- Task brief: Print the records below exactly, from the line containing "OGŁOSZENIE DLA MIESZKAŃCÓW WSI PEŁNATYCZE" down to the line containing "繊細なコードレースを使用した", both lines included, and omit every picture.

- Task input:
━━━━━━
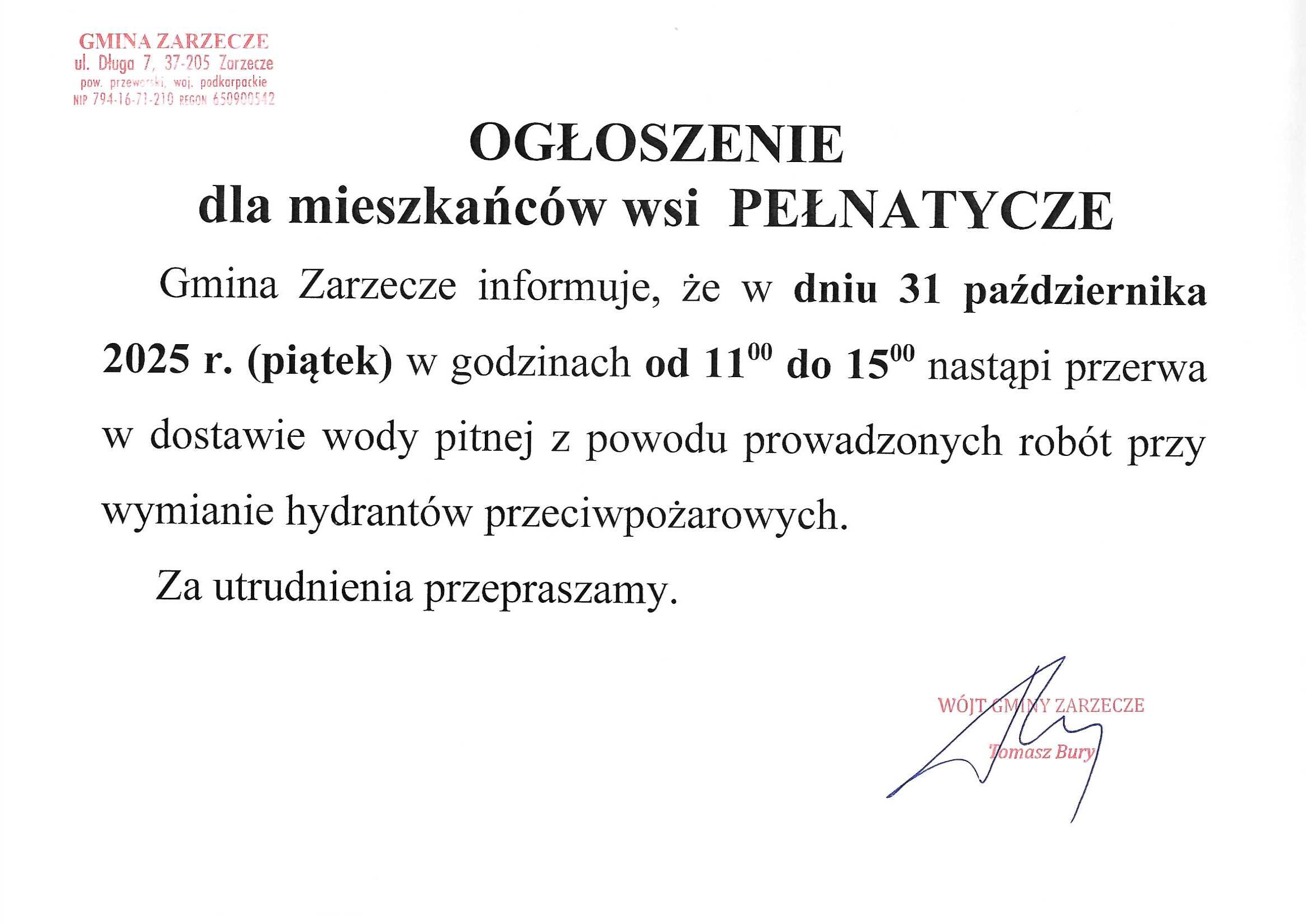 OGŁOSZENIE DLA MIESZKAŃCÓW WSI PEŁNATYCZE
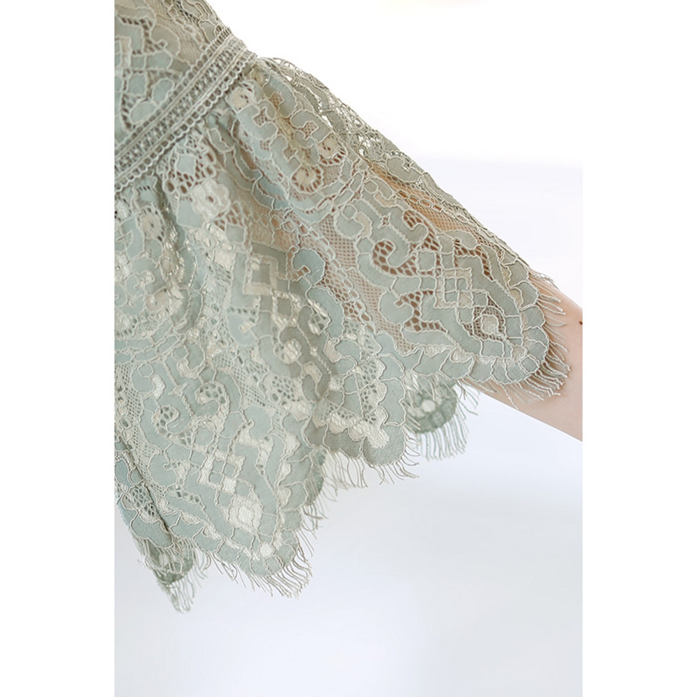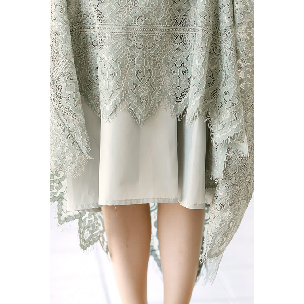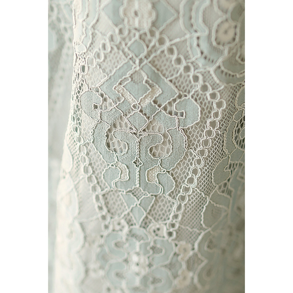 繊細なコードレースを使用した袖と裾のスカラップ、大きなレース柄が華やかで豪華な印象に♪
━━━━━━
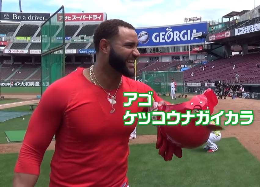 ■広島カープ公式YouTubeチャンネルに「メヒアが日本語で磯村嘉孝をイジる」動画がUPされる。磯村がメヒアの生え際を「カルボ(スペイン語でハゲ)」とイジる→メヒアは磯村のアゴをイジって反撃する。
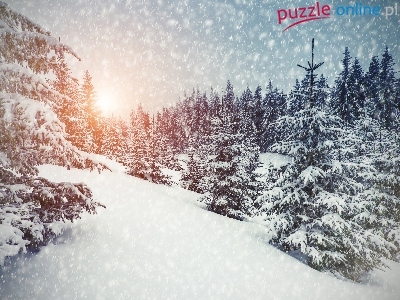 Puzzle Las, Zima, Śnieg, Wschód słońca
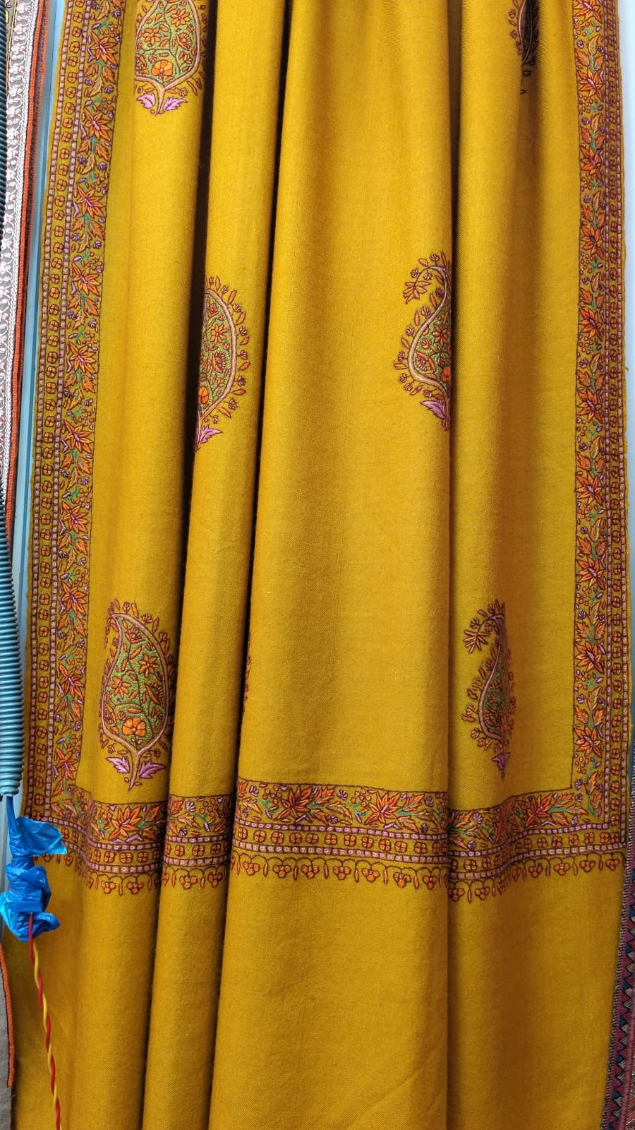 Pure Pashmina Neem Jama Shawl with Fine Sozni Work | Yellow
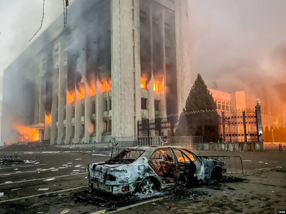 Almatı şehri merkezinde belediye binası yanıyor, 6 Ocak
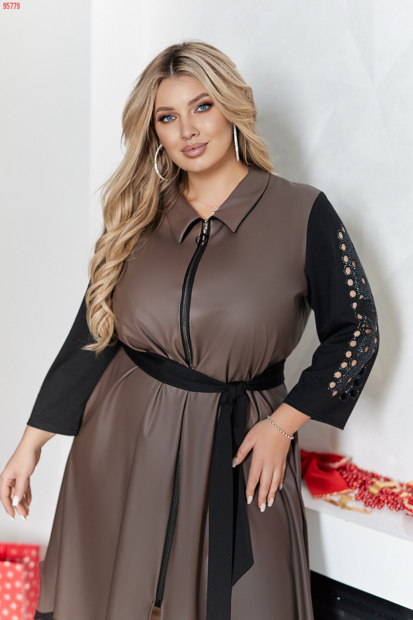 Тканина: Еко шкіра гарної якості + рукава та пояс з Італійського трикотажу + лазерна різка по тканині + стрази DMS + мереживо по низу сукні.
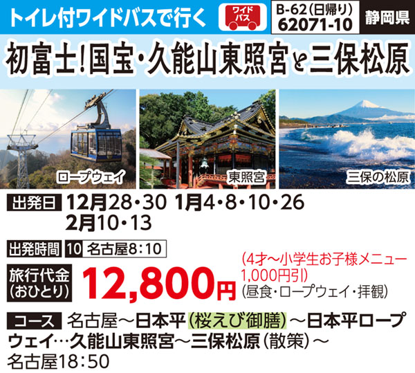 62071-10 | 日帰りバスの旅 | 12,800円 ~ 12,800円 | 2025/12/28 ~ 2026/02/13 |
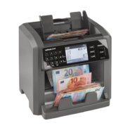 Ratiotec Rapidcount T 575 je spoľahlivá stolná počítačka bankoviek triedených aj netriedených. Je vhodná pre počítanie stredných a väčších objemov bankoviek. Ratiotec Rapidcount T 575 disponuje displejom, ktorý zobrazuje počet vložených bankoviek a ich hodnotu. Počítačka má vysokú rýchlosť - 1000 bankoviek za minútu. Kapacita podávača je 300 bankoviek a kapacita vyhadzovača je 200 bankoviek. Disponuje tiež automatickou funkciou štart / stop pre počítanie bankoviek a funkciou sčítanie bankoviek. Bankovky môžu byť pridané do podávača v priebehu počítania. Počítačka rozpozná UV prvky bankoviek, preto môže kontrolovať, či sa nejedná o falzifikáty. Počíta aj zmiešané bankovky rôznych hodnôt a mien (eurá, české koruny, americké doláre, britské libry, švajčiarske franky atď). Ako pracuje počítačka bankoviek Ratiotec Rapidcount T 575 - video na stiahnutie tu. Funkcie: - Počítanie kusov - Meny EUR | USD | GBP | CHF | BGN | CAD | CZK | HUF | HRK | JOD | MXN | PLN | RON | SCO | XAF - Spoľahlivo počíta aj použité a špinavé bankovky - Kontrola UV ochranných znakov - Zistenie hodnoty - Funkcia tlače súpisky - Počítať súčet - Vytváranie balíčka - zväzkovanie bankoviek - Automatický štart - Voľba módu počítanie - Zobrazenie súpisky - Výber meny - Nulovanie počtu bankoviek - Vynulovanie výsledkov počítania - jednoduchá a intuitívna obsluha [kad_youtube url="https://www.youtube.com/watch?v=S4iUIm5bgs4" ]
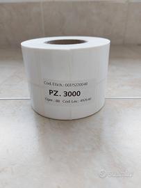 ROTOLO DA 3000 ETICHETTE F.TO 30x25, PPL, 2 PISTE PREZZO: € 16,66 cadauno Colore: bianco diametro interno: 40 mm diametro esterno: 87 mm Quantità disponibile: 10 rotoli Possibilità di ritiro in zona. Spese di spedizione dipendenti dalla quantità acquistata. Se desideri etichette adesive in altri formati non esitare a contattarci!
━━━━━━
- Output for this task:
 OGŁOSZENIE DLA MIESZKAŃCÓW WSI PEŁNATYCZE
 繊細なコードレースを使用した袖と裾のスカラップ、大きなレース柄が華やかで豪華な印象に♪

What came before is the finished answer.